Strategy 6: Accept the Bridge Friends Phase
There's a phase in making friends in a new city that nobody names, so everyone feels blindsided by it: the bridge friends phase. This is the 6- to 18-month period when your social life consists of people you'd describe to an old friend as “someone I hang out with sometimes,” not “one of my close friends.”
These aren't meaningful friendships yet. They're pre-friendships. And that's actually valuable. They're how you survive the early months without going insane. They're how you build context for the city. Some of them will deepen into real friendships. Others will naturally fade as you each find your own circles and your social life becomes less desperate and more selective.
The mistake is treating this phase as a failure. You meet someone at a run club and grab coffee, and then you don't see them for two months, so you feel like you messed up. You don't. That's just what it looks like in the middle. The friendships that survive past the bridge phase are the ones where repeated exposure actually translates to genuine mutual interest. Those are the ones worth protecting.
Accept bridge friendships for what they are: the necessary infrastructure for building a real social life. Don't cling to them. Don't force them. Just show up, be present, and trust that the ones worth keeping will keep showing up too.
The Truth Nobody Tells You
Making friends in a new city takes longer than you think it should, and that's normal.
There will be weekends where you scroll through your phone and realize there's nobody to text. There will be Friday nights where you eat takeout alone and wonder if moving was a mistake. There will be moments where you feel invisible in a city of millions.
I want to be honest about this because I think the internet is full of cheerful “10 tips to make friends!” articles that gloss over how genuinely difficult and lonely the process can be. It's hard. It takes time. And there's no shortcut that eliminates the awkward, uncomfortable phase of being new.
But I also want to tell you this: it gets better. Every single time I've moved, there was a moment, usually about four or five months in, where I looked around and realized I had people. Not a huge crew, but people I could call. People who knew my name and were genuinely happy to see me. And that feeling, after months of building from nothing, was one of the most rewarding things I've ever experienced.
The friendships you build as an adult, in a new city, from scratch: those friendships are earned. And because they're earned, they mean something.
Start Somewhere
If you're reading this from a new apartment in a new city, feeling that particular brand of lonely that comes from being surrounded by strangers, I see you. I've been there. More than once.
You don't need to do everything at once.

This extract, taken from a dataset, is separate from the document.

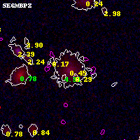 Object #7666 x,y = (2822, 3247) RA, Dec = (01:03:01.824, -49:16:06.96) = (15.75760, -49.26860) BPZ = 0.447 [0.416--0.544] type = 8.50 (SB2_B10 - SB1_B10) chisq2 = 0.09 ODDS = 0.79 z_cluster = 0.870

Pick one strategy from this list and start this week. Find one recurring event. Say yes to one invitation you'd normally decline. Follow up with one person you enjoyed talking to.
If you're looking for a place to start, browse events on Escape. I built it for people exactly like you, because I was exactly like you. And if you find an event that looks interesting, go. Even if you go alone. Especially if you go alone.
The only way to make friends in a new city is to show up. Everything else follows from that.